There is also a marked discrepancy in PK between pdFIX and rFIX. Comparisons between the methodologically most robust studies on either species indicate that the average CL of recombinant FIX is twice as high as that of pdFIX . This difference is confirmed in cross-over comparisons [37,38]. The typical elimination half-life of recombinant FIX is 17–23 h [9,37,39–41] as compared with approximately 30 h
for pdFIX [5,10,36]. The difference in CL between rFIX and pdFIX Cilomilast mw appears to be greater and more consistent between studies, than the difference in half-life, which demonstrate that the comparison cannot be based on only a single PK parameter. These differences heavily influence calculated dose requirements for prophylaxis. The median dose to maintain a 1.5 IU dL−1 trough level of pdFIX in eight adult patients was 1000 IU every third day or 500 IU alternate days . As re-calculated from  the average doses of rFIX would be about 3800 IU every third
day and 1250 IU alternate days – an approximately threefold difference over all.
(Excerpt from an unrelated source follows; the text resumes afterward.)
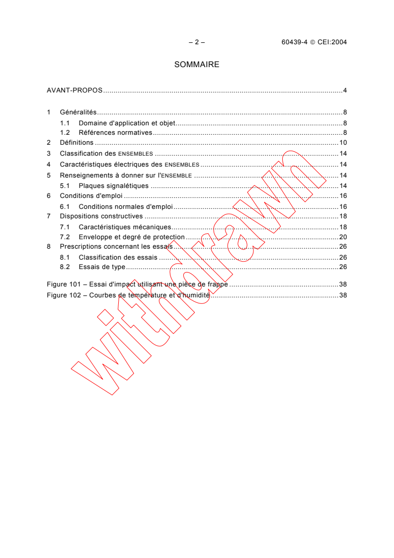 S'applique aux ENSEMBLES de série (ES) destinés à équiper des chantiers, c'est-à-dire des lieux de travail temporaires qui ne sont pas normalement accessibles au public et où sont exécutés des travaux de construction, d'équipement, de réparation, de modification ou de démolition d'immeubles (bâtiments) ou d'ouvrage d'art (travaux publics) ou encore des travaux de terrassement ou tout autres travaux analogues. Ces ENSEMBLES peuvent être de type transportable (semi-fixe) ou mobile. La présente norme ne s'applique pas aux ENSEMBLES destinés à être utilisés dans les locaux de service des chantiers (bureaux, vestiaires, salles de réunion, cantines, restaurants, dortoirs, locaux sanitaires, etc.). Les valeurs nominales des tensions primaire et secondaire des appareils de transformation incorporés dans les ensembles de chantier (EC) doivent être dans les limites fixées dans la CEI 60439-1. Les exigences de protection électrique fournies par l'équipement fabriqué selon la présente norme internationale doivent satisfaire aux exigences données dans la CEI 60364-7-704. NOTE: La présente norme peut être utilisée comme un guide pour les ENSEMBLES dérivés de série (EDS), fabriqués selon accord entre constructeur et utilisateur et prenant en compte la nature du réseau d'alimentation et/ou de distribution et les exigences de l'installation concernée. Les modifications majeures suivantes par rapport à la première édition (y compris les amendements 1 et 2) ont été incorporées: - introduction de la définition pour "courant assigné de l'EC"; - remplacement de la classification basée sur le courant assigné de l'EC par une classification basée sur la fonction telle qu'attribuée par le constructeur; - prescriptions modifiées pour la protection des socles de prises de courant avec référence à des prescriptions plus compréhensibles de la CEI 60364-7-704; - introduction de prescriptions communes pour tous les types d'EC.

In fair agreement with these separate estimations, the two cross-over studies [37,38] demonstrated that FIX plasma levels selleck chemical 48 h after a dose of rFIX were only approximately 50–70% of those obtained with the same dose of pdFIX. This can be directly translated to a 1.5- to 2-fold increase in dose requirement during prophylactic treatment. There are potentially significant clinical implications of the findings related above on the prescription of prophylactic regimens. There is very strong evidence to support the use of prophylaxis in children and this should be the recommended standard of care for all patients. Prophylaxis in adults is becoming more common. The observed difference
in FVIII half-life between adults Cyclooxygenase (COX) and children suggests that if similar trough levels are required in each age group, then widely different amounts of concentrate kg−1 would be required. For example, if alternate day dosing is used, the average young child would require 25 IU kg−1, whereas the average adult would require 12 IU kg−1, about half as much. The predicted dose in the average child is therefore the same as the standard Swedish dose used in many regimens [24,29] and the dose that has been shown to reduce bleeds and image-documented arthropathy significantly in young children receiving primary prophylaxis . The simulations demonstrate that adults and adolescents require less FVIII kg−1 to maintain a desired trough level compared with young children. The groups, however, cannot be directly compared because adults are more likely to have arthropathy and to be receiving secondary prophylaxis, while adolescents are more likely to be participating in sporting activities. It is, therefore, not necessarily the case that the same trough levels are clinically appropriate for young children or active teenagers on primary prophylaxis and adults on secondary prophylaxis.